From the line containing "Hoa muồng hoàng" down to the line containing "she-bear, winter, trees, viewes, Little", copy out the entries below exactly, both lines included, and nothing else; pictures do not belong in the copy.

Supplied records »
BEGIN
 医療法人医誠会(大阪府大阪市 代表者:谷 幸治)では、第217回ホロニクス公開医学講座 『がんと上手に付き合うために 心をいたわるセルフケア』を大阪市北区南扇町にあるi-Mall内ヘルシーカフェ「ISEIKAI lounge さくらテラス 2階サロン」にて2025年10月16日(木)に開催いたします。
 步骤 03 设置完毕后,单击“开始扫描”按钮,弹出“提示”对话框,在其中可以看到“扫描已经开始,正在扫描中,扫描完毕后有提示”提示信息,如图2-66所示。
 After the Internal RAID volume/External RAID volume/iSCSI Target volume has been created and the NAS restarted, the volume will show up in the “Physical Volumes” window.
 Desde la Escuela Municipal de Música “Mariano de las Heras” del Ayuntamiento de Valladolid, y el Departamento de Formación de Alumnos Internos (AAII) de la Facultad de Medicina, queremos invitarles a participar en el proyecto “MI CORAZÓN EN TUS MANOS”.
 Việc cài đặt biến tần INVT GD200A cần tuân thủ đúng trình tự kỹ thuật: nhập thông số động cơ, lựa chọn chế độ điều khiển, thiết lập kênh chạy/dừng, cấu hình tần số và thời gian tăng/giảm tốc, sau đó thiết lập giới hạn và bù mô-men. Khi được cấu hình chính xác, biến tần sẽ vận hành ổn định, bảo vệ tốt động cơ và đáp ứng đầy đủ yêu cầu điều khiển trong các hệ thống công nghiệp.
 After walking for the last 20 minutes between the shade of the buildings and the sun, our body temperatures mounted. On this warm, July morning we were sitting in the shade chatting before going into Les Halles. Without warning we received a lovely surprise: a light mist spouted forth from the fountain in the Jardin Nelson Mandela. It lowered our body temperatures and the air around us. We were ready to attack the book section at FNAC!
END
BEGIN
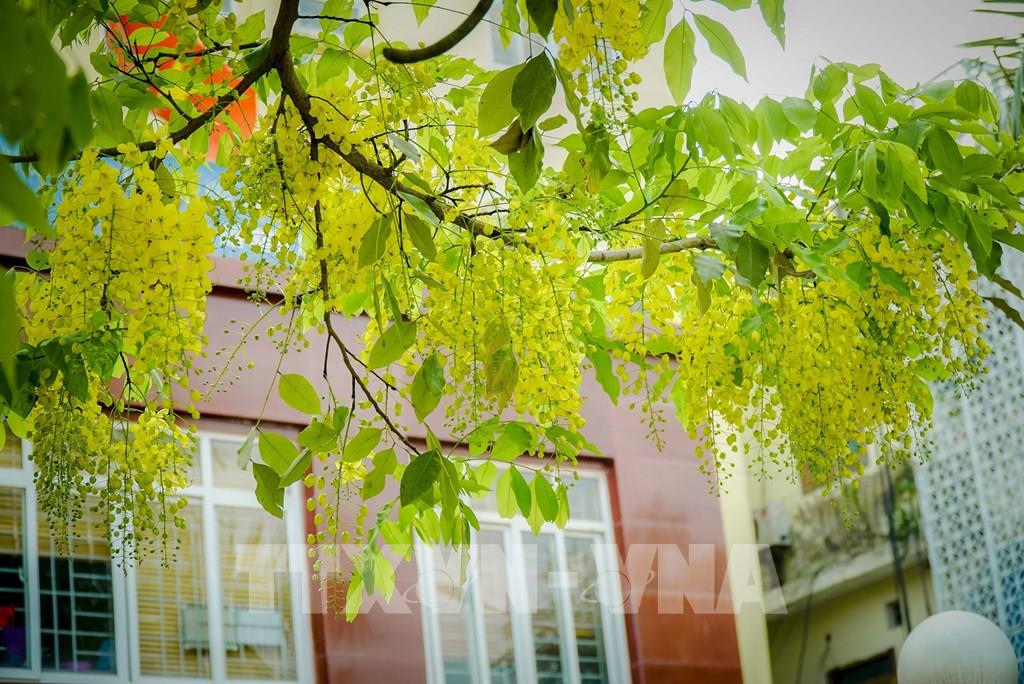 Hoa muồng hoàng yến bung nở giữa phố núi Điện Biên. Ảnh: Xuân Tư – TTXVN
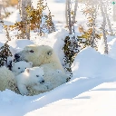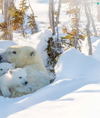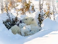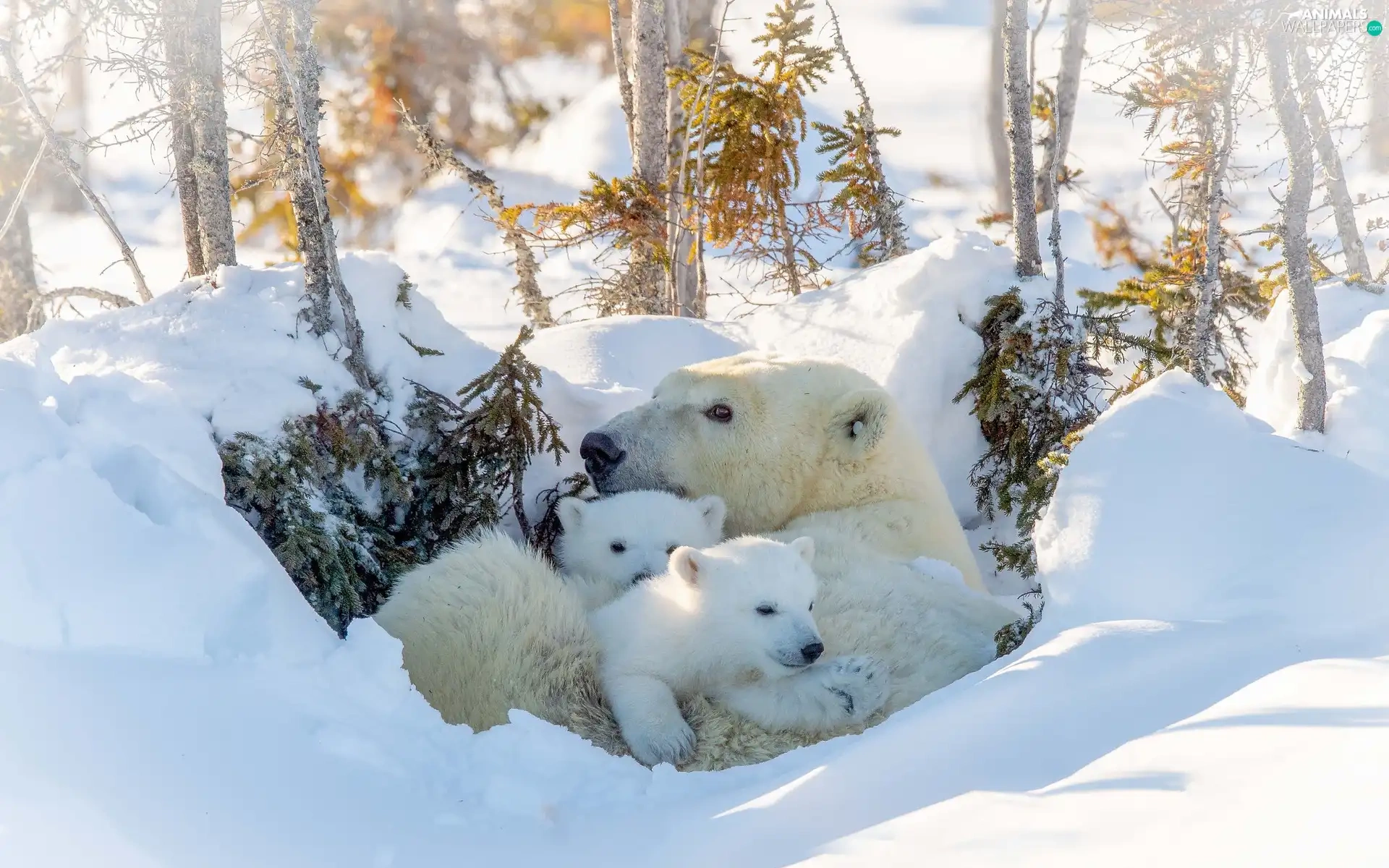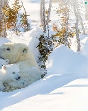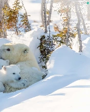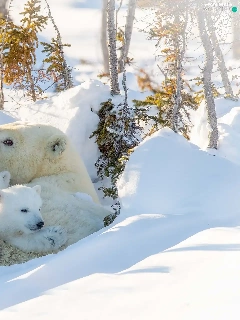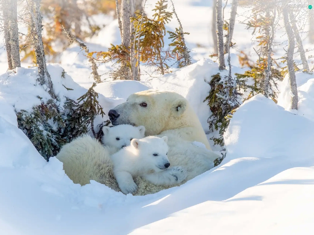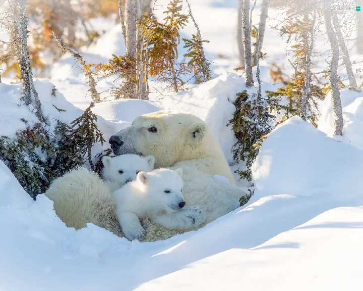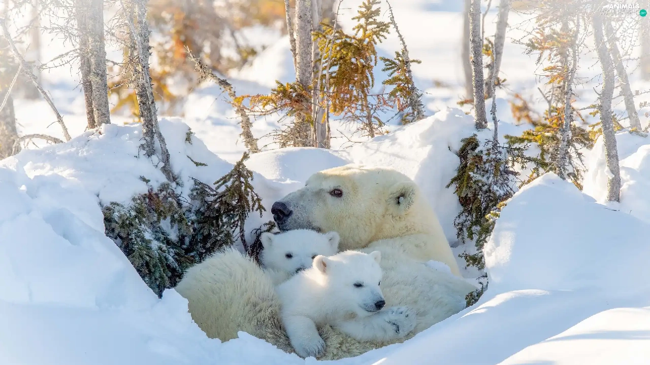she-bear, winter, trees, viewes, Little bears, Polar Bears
END
Problem solution »
 Hoa muồng hoàng yến bung nở giữa phố núi Điện Biên. Ảnh: Xuân Tư – TTXVN
she-bear, winter, trees, viewes, Little bears, Polar Bears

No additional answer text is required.